[英]Database design for very large amount of data
I am working on a project involving large amount of data from the delicious website. 我正在开发一个涉及来自美味网站的大量数据的项目。 The data available is "Date, UserId, Url, Tags" (for each bookmark). 可用数据是“Date,UserId,Url,Tags”(对于每个书签)。
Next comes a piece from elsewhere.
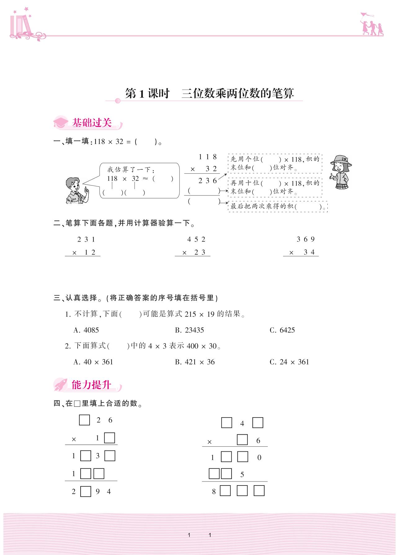 2020上册四年级数学人教版 4 三位数乘两位数——第1课时 三位数乘两位数的笔算
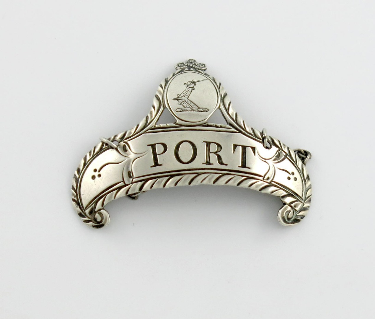 scroll form with a raised pediment with a crest, feather edge border, incised 'PORT', length 4.8cm

I normalized my database to a 3NF, and because of the nature of the queries that we wanted to use in combination, I came down to 6 tables... The design looks fine, however, now that a large amount of data is in the database, most of the queries need to join at least 2 tables together to get the answer, sometimes 3 or 4. At first, we didn't have any performance issues, because for testing matters we had not added too much data to the database. 我将我的数据库规范化为3NF,并且由于我们想要组合使用的查询的性质,我归结为6个表...但是,设计看起来很好,但是现在大量数据都在数据库,大多数查询需要连接至少2个表一起得到答案,有时3或4.首先,我们没有任何性能问题,因为测试问题我们没有向数据库添加太多数据。 Now that we have a lot of data, simply joining extremely large tables takes a lot of time and for our project, which has to be real-time, this is a disaster. 既然我们拥有大量数据,只需加入极大的表需要花费大量时间,对于我们的项目来说,这必须是实时的,这是一场灾难。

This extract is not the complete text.